__Information supplied__.

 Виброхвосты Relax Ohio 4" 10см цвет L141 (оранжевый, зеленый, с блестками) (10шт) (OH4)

==

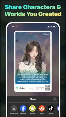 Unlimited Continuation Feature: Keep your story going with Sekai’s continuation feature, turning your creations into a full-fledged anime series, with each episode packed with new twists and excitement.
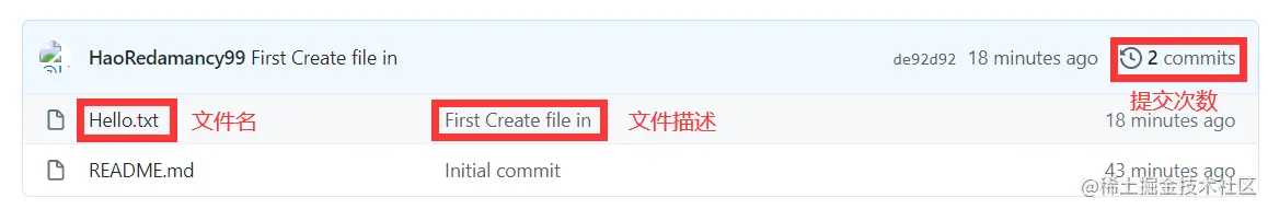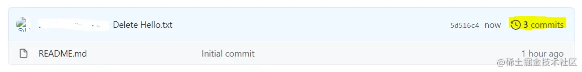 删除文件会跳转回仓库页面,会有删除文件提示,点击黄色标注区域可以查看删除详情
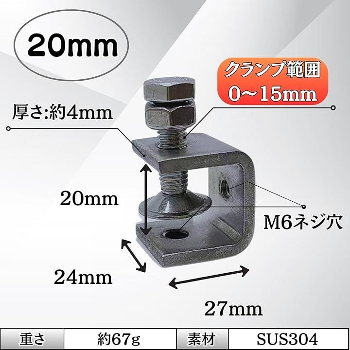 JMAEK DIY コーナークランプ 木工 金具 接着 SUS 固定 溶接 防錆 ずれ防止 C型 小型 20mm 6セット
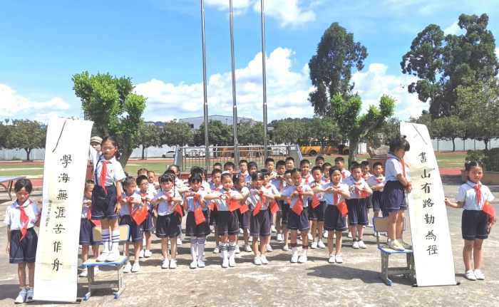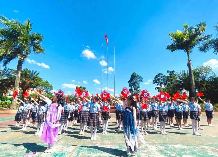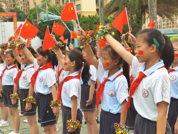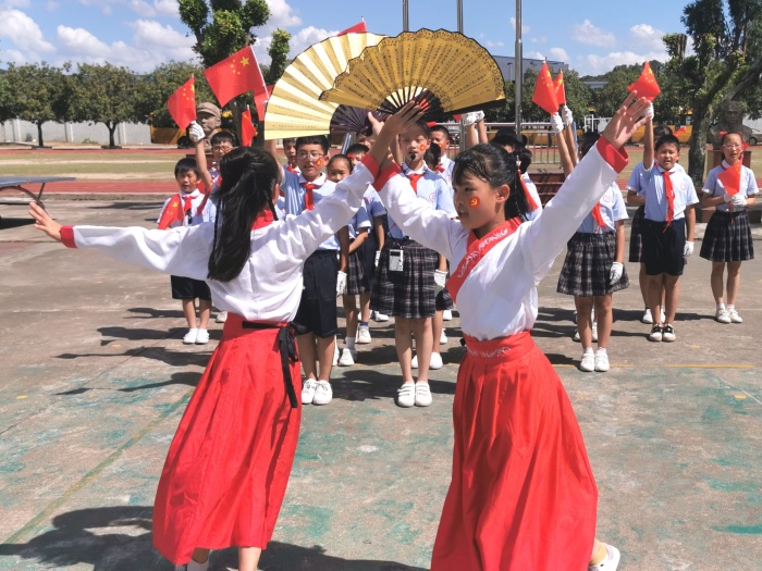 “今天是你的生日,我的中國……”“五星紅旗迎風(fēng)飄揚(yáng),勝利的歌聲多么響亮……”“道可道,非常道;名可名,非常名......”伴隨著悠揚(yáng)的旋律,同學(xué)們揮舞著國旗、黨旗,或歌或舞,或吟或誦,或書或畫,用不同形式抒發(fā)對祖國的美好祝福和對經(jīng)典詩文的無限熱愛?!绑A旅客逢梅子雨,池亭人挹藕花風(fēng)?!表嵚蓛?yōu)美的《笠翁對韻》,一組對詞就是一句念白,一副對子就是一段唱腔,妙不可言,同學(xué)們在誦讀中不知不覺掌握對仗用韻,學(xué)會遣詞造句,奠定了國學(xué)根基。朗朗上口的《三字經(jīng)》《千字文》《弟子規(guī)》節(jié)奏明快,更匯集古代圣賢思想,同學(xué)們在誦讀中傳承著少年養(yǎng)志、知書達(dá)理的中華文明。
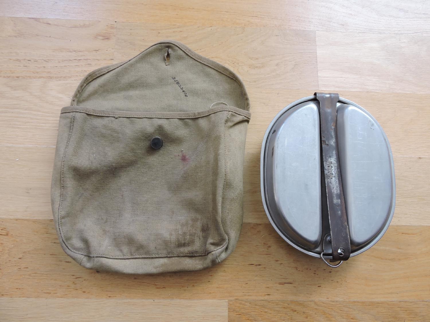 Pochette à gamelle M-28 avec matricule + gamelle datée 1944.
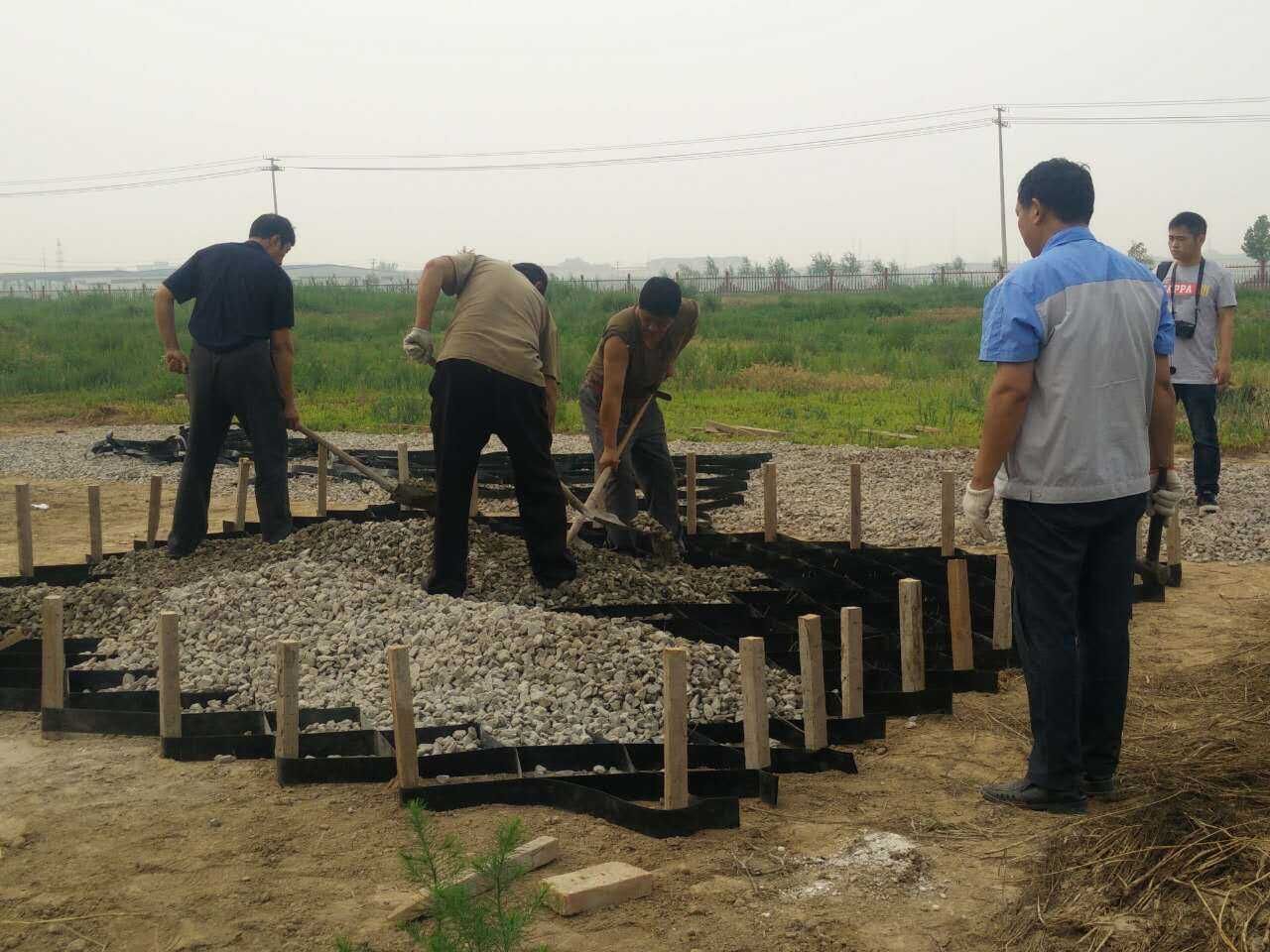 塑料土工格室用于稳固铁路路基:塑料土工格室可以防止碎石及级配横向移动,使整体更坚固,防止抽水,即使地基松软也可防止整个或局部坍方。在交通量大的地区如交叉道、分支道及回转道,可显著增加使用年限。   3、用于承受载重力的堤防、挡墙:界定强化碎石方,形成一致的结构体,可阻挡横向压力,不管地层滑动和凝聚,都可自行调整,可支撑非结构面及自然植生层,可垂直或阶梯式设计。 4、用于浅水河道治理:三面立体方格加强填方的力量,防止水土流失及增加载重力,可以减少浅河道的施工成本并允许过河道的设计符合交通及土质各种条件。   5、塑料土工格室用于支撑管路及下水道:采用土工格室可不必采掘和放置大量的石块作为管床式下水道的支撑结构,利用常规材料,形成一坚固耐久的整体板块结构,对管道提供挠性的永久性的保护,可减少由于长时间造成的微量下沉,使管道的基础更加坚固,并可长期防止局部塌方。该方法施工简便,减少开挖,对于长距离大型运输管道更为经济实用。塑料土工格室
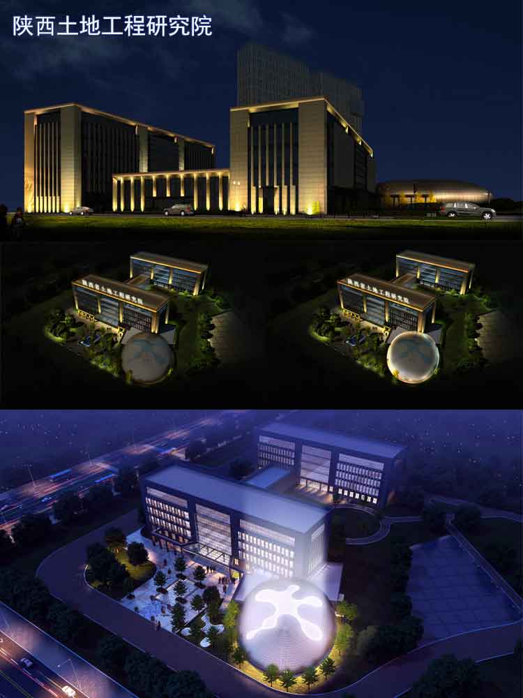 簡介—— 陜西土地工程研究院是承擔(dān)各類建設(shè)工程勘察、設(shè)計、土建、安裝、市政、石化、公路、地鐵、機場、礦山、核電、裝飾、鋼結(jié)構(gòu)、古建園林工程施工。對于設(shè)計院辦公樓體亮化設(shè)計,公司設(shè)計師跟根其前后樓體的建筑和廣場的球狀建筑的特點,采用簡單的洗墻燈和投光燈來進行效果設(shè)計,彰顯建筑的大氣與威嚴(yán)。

* * *

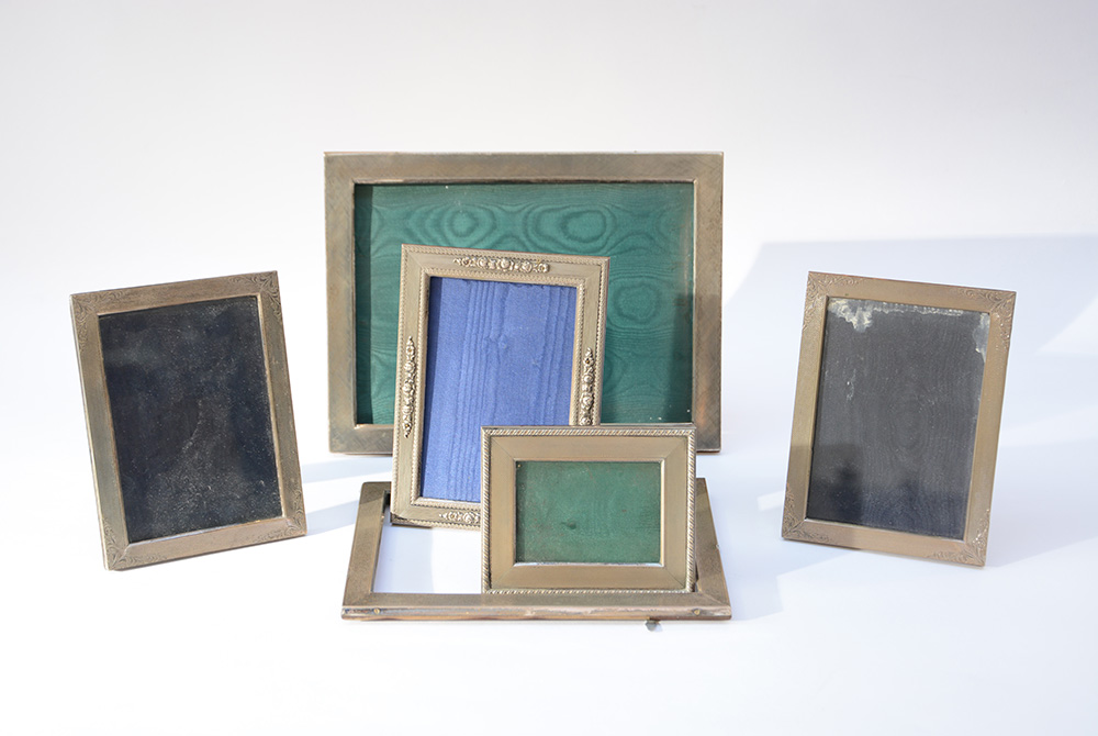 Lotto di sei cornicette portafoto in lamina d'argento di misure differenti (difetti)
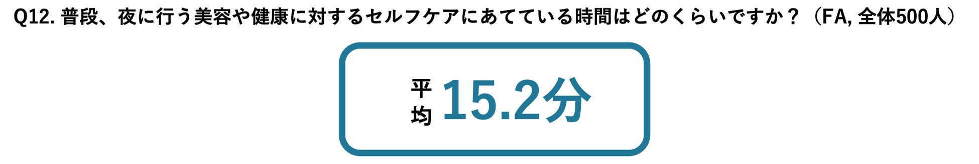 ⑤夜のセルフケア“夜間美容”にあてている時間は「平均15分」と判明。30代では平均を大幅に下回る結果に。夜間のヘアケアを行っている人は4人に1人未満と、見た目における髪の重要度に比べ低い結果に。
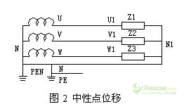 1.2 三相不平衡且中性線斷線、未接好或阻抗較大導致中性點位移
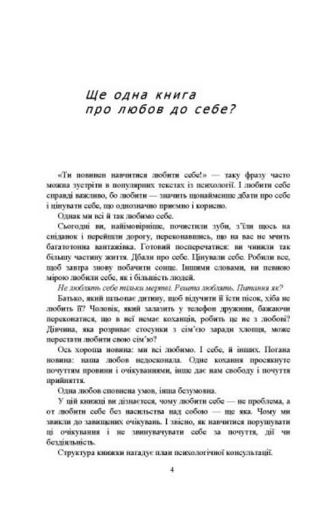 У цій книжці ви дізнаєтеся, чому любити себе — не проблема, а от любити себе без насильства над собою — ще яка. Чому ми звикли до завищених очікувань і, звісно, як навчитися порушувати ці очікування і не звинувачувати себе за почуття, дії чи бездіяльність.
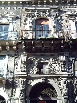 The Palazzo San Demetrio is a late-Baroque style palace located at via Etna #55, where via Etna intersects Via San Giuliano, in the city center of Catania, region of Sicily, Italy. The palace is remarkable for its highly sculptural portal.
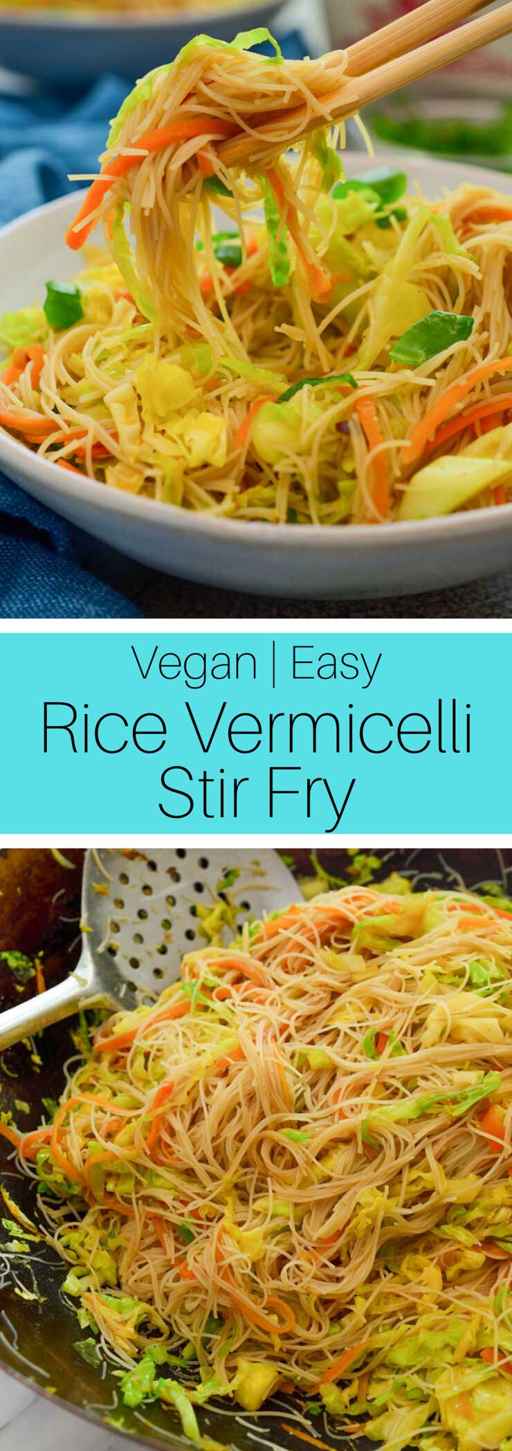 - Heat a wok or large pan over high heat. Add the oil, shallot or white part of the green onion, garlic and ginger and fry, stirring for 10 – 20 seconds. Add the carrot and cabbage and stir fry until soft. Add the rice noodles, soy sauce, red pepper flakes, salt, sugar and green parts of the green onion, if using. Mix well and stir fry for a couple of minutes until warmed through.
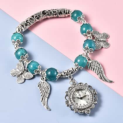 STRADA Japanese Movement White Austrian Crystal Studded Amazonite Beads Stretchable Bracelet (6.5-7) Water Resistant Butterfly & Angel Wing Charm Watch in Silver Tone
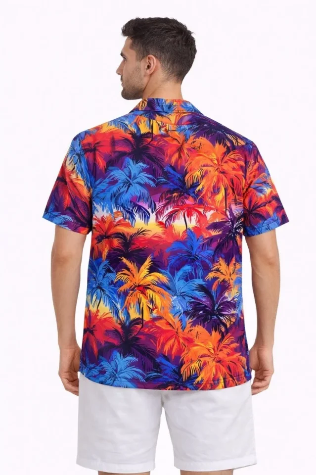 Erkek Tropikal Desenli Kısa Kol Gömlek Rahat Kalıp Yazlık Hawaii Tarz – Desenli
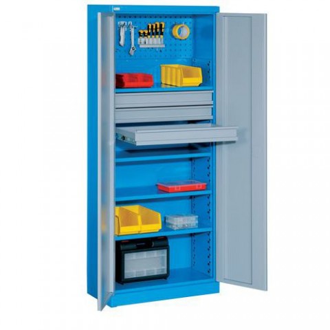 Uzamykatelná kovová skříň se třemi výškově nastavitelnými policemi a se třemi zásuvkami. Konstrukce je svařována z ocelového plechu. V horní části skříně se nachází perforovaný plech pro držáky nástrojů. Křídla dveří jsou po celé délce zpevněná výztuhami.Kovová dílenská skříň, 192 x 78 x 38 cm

__Work request__. Look above for the line with "У цій книжці" and the line with "STRADA Japanese Movement". Output those two and everything between them exactly, pictures excluded.

__Exercise result__.
 У цій книжці ви дізнаєтеся, чому любити себе — не проблема, а от любити себе без насильства над собою — ще яка. Чому ми звикли до завищених очікувань і, звісно, як навчитися порушувати ці очікування і не звинувачувати себе за почуття, дії чи бездіяльність.
 The Palazzo San Demetrio is a late-Baroque style palace located at via Etna #55, where via Etna intersects Via San Giuliano, in the city center of Catania, region of Sicily, Italy. The palace is remarkable for its highly sculptural portal.
 - Heat a wok or large pan over high heat. Add the oil, shallot or white part of the green onion, garlic and ginger and fry, stirring for 10 – 20 seconds. Add the carrot and cabbage and stir fry until soft. Add the rice noodles, soy sauce, red pepper flakes, salt, sugar and green parts of the green onion, if using. Mix well and stir fry for a couple of minutes until warmed through.
 STRADA Japanese Movement White Austrian Crystal Studded Amazonite Beads Stretchable Bracelet (6.5-7) Water Resistant Butterfly & Angel Wing Charm Watch in Silver Tone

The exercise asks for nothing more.